Hoger beroep over huurrecht en overlast tussen buren

In deze zaak gaat het om een hoger beroep dat door de appellanten is ingesteld tegen een vonnis van de kantonrechter van de rechtbank Limburg, waarin hun vordering tegen Woningstichting HEEMwonen werd afgewezen. De appellanten, huurders van een woning, klaagden over overlast van hun buren en vorderden dat Heemwonen rechtsmaatregelen zou treffen tegen deze buren. Het hof heeft vastgesteld dat de appellanten zelf onvoldoende hebben gedaan om de overlast te beëindigen en dat Heemwonen niet meer kon worden verweten dan zij heeft gedaan. Het hof oordeelt dat niet elke overlast automatisch leidt tot een stoornis in het huurgenot en dat huurders in de regel zelf ook initiatieven moeten nemen om overlast te beëindigen.

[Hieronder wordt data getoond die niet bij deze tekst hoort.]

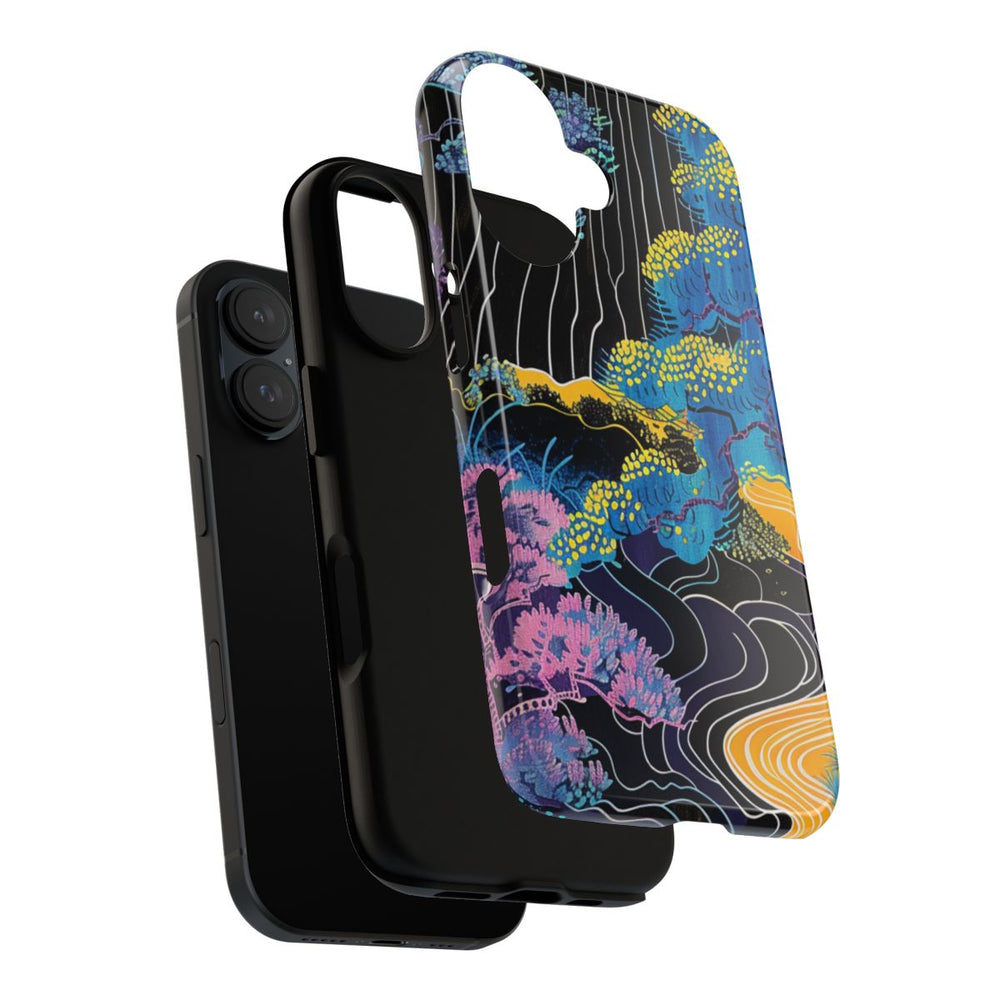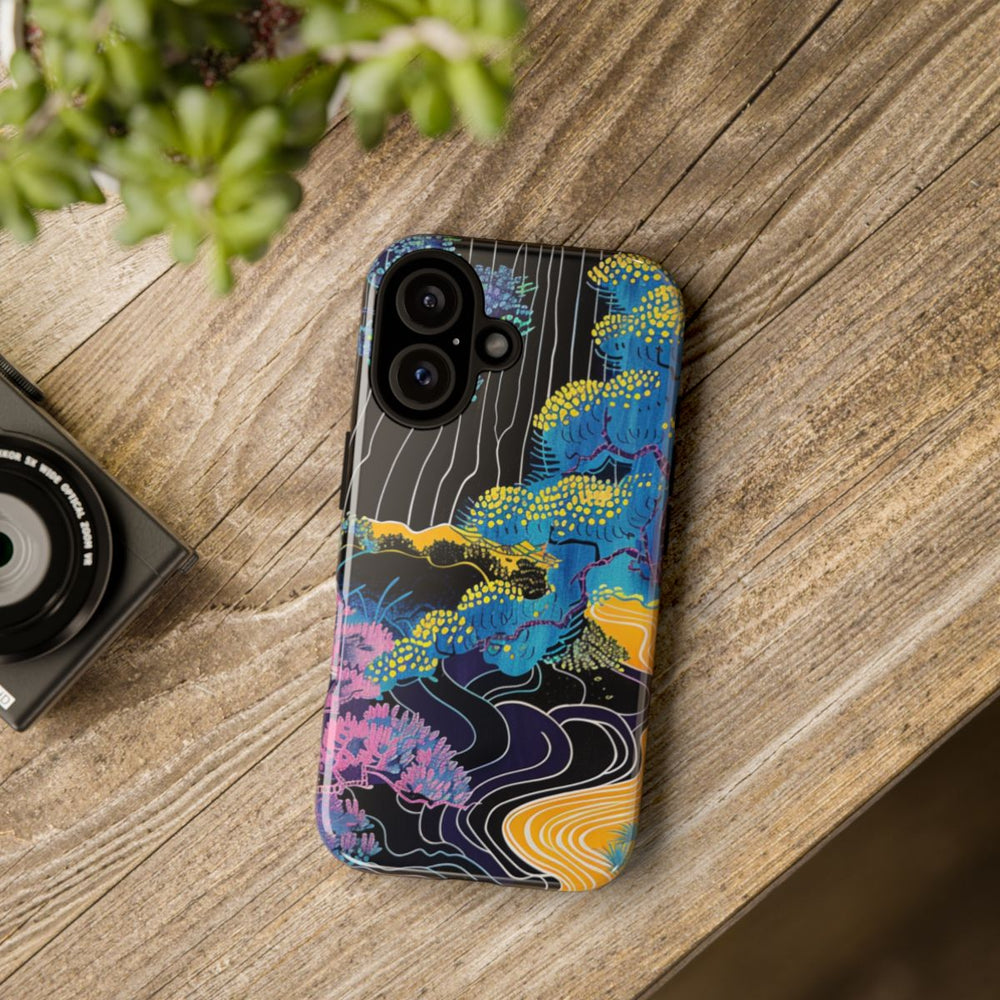 Dit ontwerp toont een abstract landschap met gestileerde bomen in levendige kleuren zoals blauw, geel, roze en paars. De bomen zijn voorzien van gedetailleerde patronen en structuren, waarbij sommige takken en bladeren als groepjes stippen zijn afgebeeld. Een felgele rivier of pad slingert door het tafereel en steekt mooi af tegen de donkere achtergrond. Witte lijnen zorgen voor extra dynamiek en diepte. De afbeelding is gedrukt op een glanzend, stevig hoesje van polycarbonaat en TPU, dat bestaat uit twee lagen voor optimale bescherming en geschikt is voor draadloos opladen.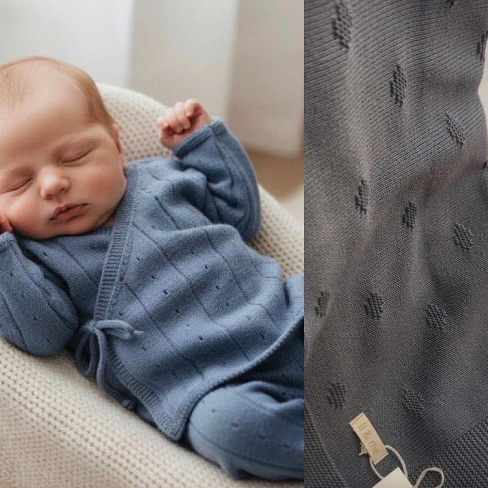 Peças tricotadas em algodão orgânico de qualidade superior e fabricados sem costuras, para o máximo conforto da pele delicada do bebé. Apresentado numa embalagem elegante, é um presente prático e memorável para recém mães e chás de bebé.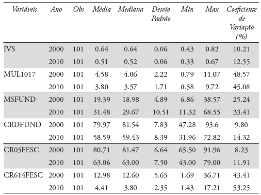 A seguir, apresenta-se a estatística descritiva do índice de vulnerabilidade social para os municípios alagoanos, bem como os seus respectivos indicadores associados à vulnerabilidade para mulheres e crianças, no período de 2000 e 2010. Verifica-se que, com exceção do percentual de mães chefes de família sem fundamental que apresentou um aumento da sua taxa média, todas as outras variáveis apresentaram uma redução nessa estatística. Conforme, o coeficiente de variação, observa-se que há uma grande dispersão das observações nas variáveis analisadas, exceto para o índice de vulnerabilidade social, percentual de crianças em domicílios onde ninguém tem fundamental completo e de crianças de 0 a 5 anos fora da escola. Apesar da grande dispersão entre as observações para algumas variáveis, as suas médias não ficaram muito distante de suas respectivas medianas.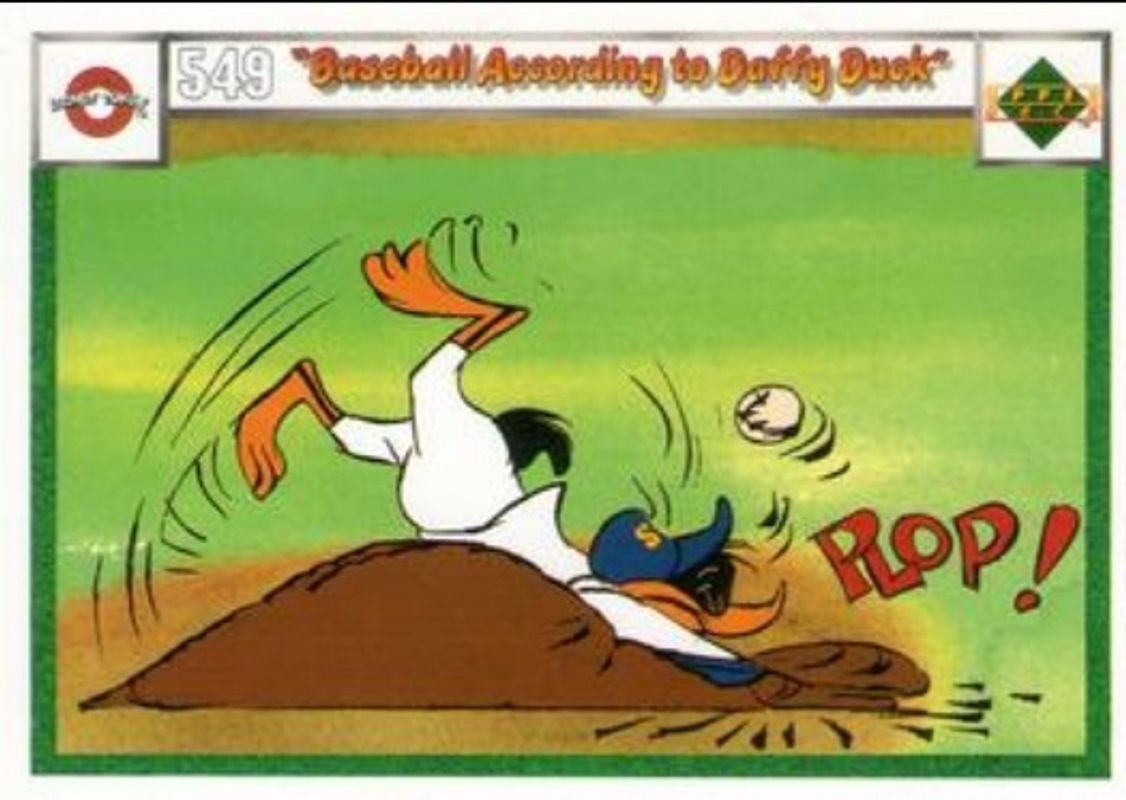 Other popular players in the 1990 Upper Deck Comic Ball set include Magnetic Field, Squeeze Play, Porky Pig and Charlie Dog, Acme Battle, and Curve Ball.

Het hof bekrachtigt het vonnis van de kantonrechter en wijst de vordering van de appellanten af, waarbij het ook opmerkt dat de vordering onvoldoende bepaald was. De appellanten worden veroordeeld in de proceskosten van het hoger beroep.

Uitspraak

GERECHTSHOF ’s-HERTOGENBOSCH

Team Handelsrecht
zaaknummer 200.272.769/01
arrest van 1 december 2020
in de zaak van

1.[appellant] ,wonende te [woonplaats] ,

2.
[appellante] ,wonende te [woonplaats] ,
appellanten,
hierna aan te duiden als [appellanten] ,
advocaat: mr. D.M. Gijzen te Heerlen,
tegen
Woningstichting HEEMwonen,
gevestigd te [vestigingsplaats] ,
geïntimeerde,
hierna aan te duiden als Heemwonen,
advocaat: mr. M. van den Oord te Utrecht,
op het bij exploot van dagvaarding van 14 januari 2020 ingeleide hoger beroep van het vonnis van 13 november 2019, door de kantonrechter van de rechtbank Limburg, zittingsplaats Maastricht, gewezen tussen [appellanten] als eisers en Heemwonen als gedaagde.

1.Het geding in eerste aanleg (zaak-/rolnummer 7436949 \ CV EXPL 18-8263)

Voor het geding in eerste aanleg verwijst het hof naar voormeld vonnis.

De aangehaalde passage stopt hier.